The cortex may be divided into a narrow outer zone of closely packed cells and a broader inner cortex that can be further subdivided into three zones: an outer and inner layer of compact cells with a trabecular middle layer of elongate cells with a well-developed inter-cellular air space network. Occasionally the inner zones of the cortex display fungal infestation (see insert below right).

The vascular strand is quite distinctive. Asteroxylon possess an actinostele, in other words the vascular strand appears star shaped or stellate in transverse cross-section (see insert below left and heading photograph). The xylem is exarch to locally mesarch where the protoxylem occurs at the ends of the 'lobes' of the actinostele, and displays spiral thickenings (see insert below right).
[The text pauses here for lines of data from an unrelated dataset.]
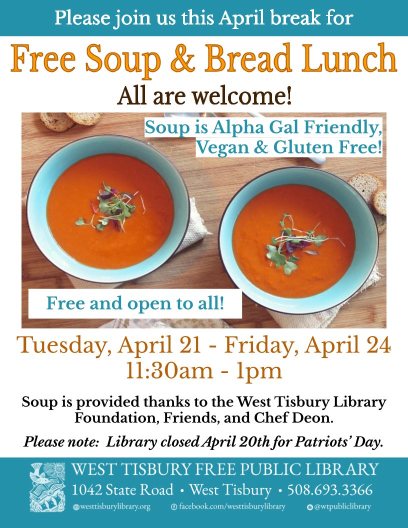 Lunch for all will be served every open weekday from 11:30am-1pm: Tuesday, April 21-Friday, April 24 (the library will be closed Monday, April 20 for Patriots’ Day). Soup is provided thanks to the West Tisbury Library Foundation, Friends, and Chef Deon.
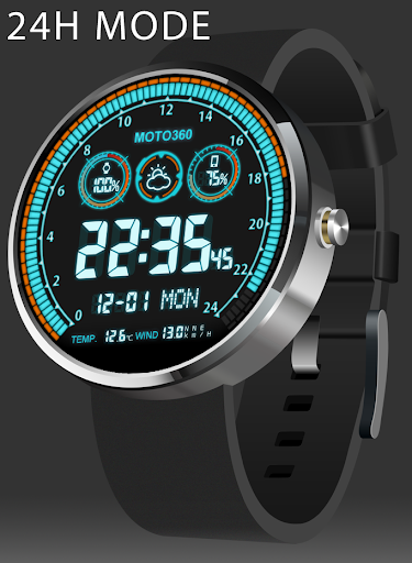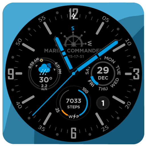 Скучаете по своим старым стрелочным часам? Тогда вам точно понравится циферблат, который имитирует внешний вид аналоговых часов, включая светящиеся ночью стрелки. Календарь, погода и, конечно же, компас прилагаются.
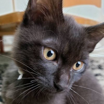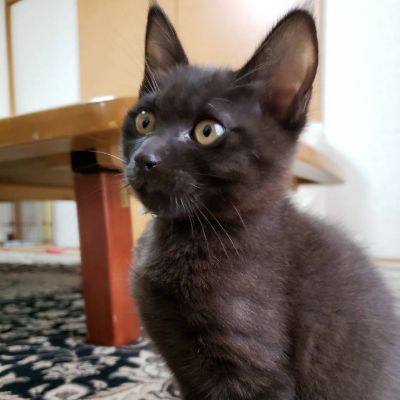 | 特徴(性格など) | 仮に「哲朗君」と呼んでいます。 黒猫ですが、白い毛がちょこちょこ出ていて、ふわふわの毛並みです。 保護当初は一人きりでビビッていましたが、他の保護猫と暮らすようになり、元気に遊ぶようになりました。 今では私の膝に乗って、ゴロゴロです。 兄弟ではありませんが、同居中のこしょう君と仲良しです。 |
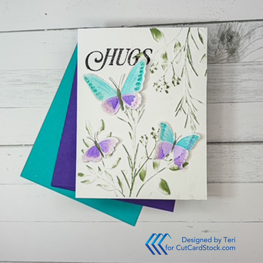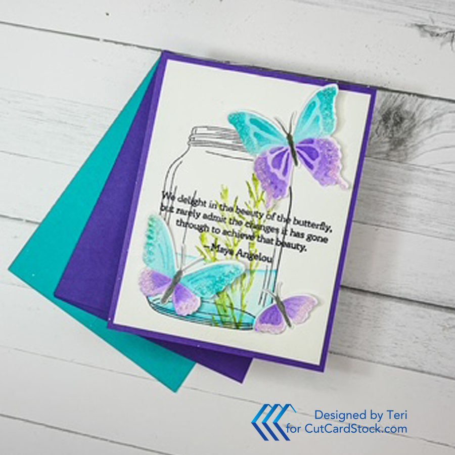 For the second card, trim a piece of Grape Jelly Cardstock to 4.25 x 5.5 inches and attach to the A2 card base. Trim the watercolored panel to 4.0 x 5.25 inches and center on the purple panel. Select a few butterflies and glue randomly to the base.
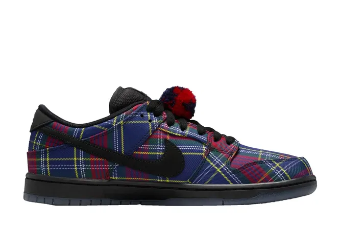 Как выглядят музыкальные журналисты, опрашивающие рэперов? При ответе обычно представляют понятные образы Эмили Оберг или Кервина Фроста, но канадец-миллионник Nardwuar похож на вашего экстравагантного дядю с высоким голосом: пестрые гавайские рубашки, длинные волосы, очки и ставшая фирменной кепка с помпоном. Ее он носит уже более 20 лет, со времен работы на телевидении. Характерный тартан и помпон «переехали» на классический низкий силуэт Dunk Pro из линейки Skateboarding, а на подошве появился «пузырь» реплики с его джинглом-напевом «Doot Doola Doot Doo Doot Doo». В общем, исполнение не вызывает вопросов — все логично и узнаваемо.
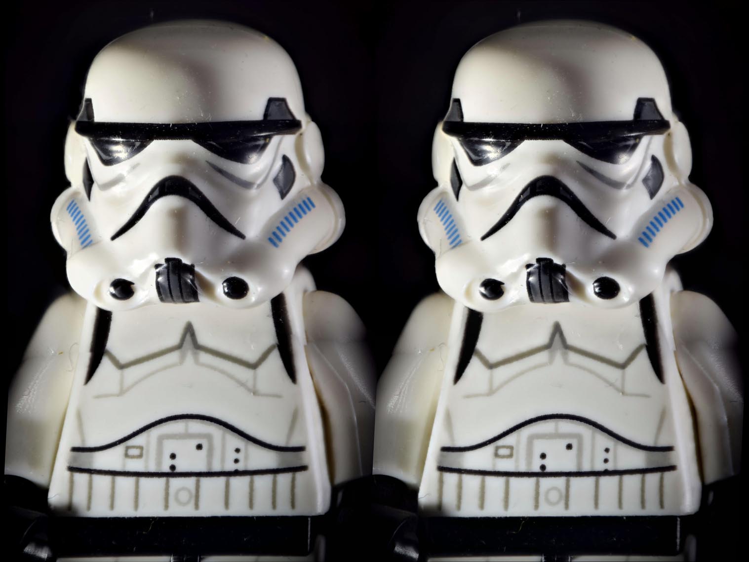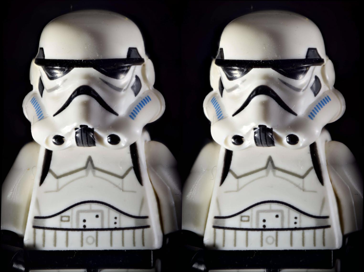 Here we have an extreme-macro stack and stitch with a Helios 44 (f/2 58 mm) lens in combination with a Nikkor 55-200 mm zoom of a LEGO Stormtrooper.

Phloem tissue is best developed between the 'lobes' of the xylem strand. 'Leaf traces' are often seen where vascular tissue splits from the central stele. These traces end at the bases of the enations.

Transverse cross-section through a prostrate aerial axis of Asteroxylon showing the distinctive lobed stellate xylem strand (x) (scale bar = 2mm). Slightly oblique longitudinal cross-section of the xylem strand of Asteroxylon (x) showing spiral thickenings. (scale bar = 500μm).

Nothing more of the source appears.